● Provided material:

+---+

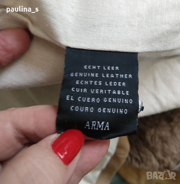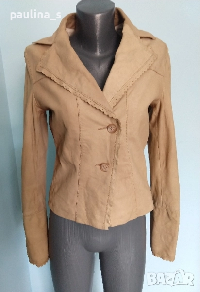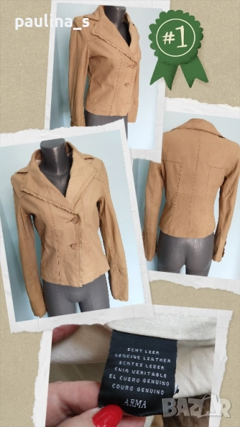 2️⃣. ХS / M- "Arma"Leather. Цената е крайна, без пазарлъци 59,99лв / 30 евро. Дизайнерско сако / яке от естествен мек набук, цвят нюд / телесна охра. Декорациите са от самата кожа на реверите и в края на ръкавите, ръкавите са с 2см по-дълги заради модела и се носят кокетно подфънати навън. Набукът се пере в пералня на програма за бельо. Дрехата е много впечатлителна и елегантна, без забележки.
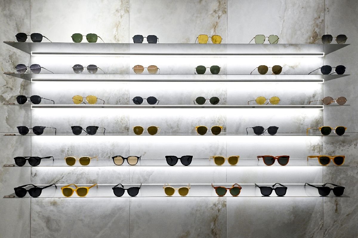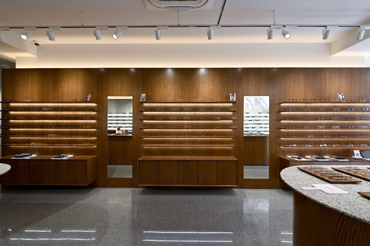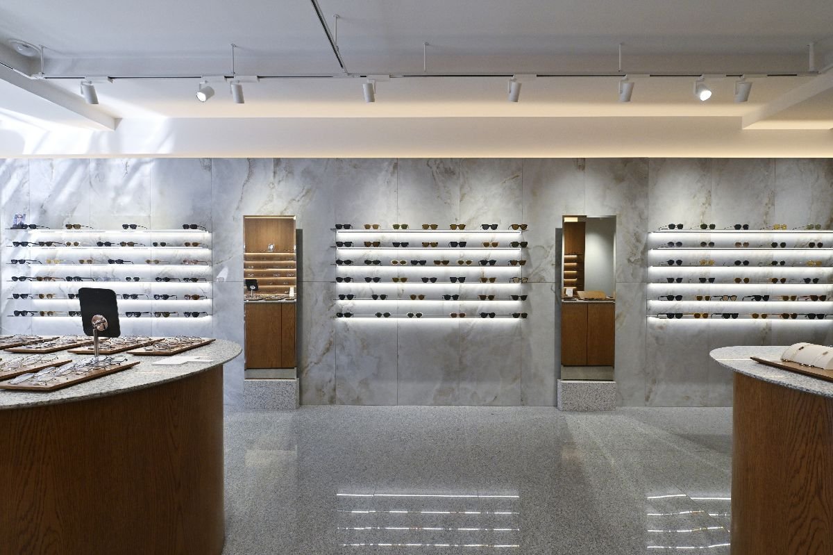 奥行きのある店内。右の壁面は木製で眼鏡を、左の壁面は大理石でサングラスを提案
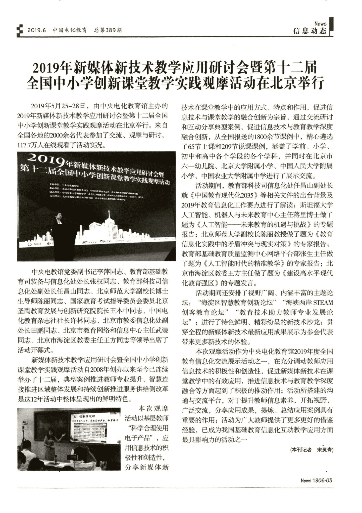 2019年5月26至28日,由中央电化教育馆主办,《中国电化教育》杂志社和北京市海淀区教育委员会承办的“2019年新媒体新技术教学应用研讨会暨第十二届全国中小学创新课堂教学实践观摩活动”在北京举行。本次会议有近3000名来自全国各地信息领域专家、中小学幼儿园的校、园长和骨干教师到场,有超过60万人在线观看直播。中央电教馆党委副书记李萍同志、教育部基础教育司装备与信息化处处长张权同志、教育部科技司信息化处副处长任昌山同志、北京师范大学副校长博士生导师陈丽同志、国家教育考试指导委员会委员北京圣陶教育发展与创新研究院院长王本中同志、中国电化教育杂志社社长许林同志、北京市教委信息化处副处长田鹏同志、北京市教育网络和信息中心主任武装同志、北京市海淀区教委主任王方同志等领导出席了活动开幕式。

+---+

● Description of the task: Where a picture appears, omit it; otherwise reproduce each line above from the first to the one with "奥行きのある店内。右の壁面は木製で眼鏡を、左の壁面は大理石でサングラスを提案", inclusive.

● Solved exercise:
 2️⃣. ХS / M- "Arma"Leather. Цената е крайна, без пазарлъци 59,99лв / 30 евро. Дизайнерско сако / яке от естествен мек набук, цвят нюд / телесна охра. Декорациите са от самата кожа на реверите и в края на ръкавите, ръкавите са с 2см по-дълги заради модела и се носят кокетно подфънати навън. Набукът се пере в пералня на програма за бельо. Дрехата е много впечатлителна и елегантна, без забележки.
 奥行きのある店内。右の壁面は木製で眼鏡を、左の壁面は大理石でサングラスを提案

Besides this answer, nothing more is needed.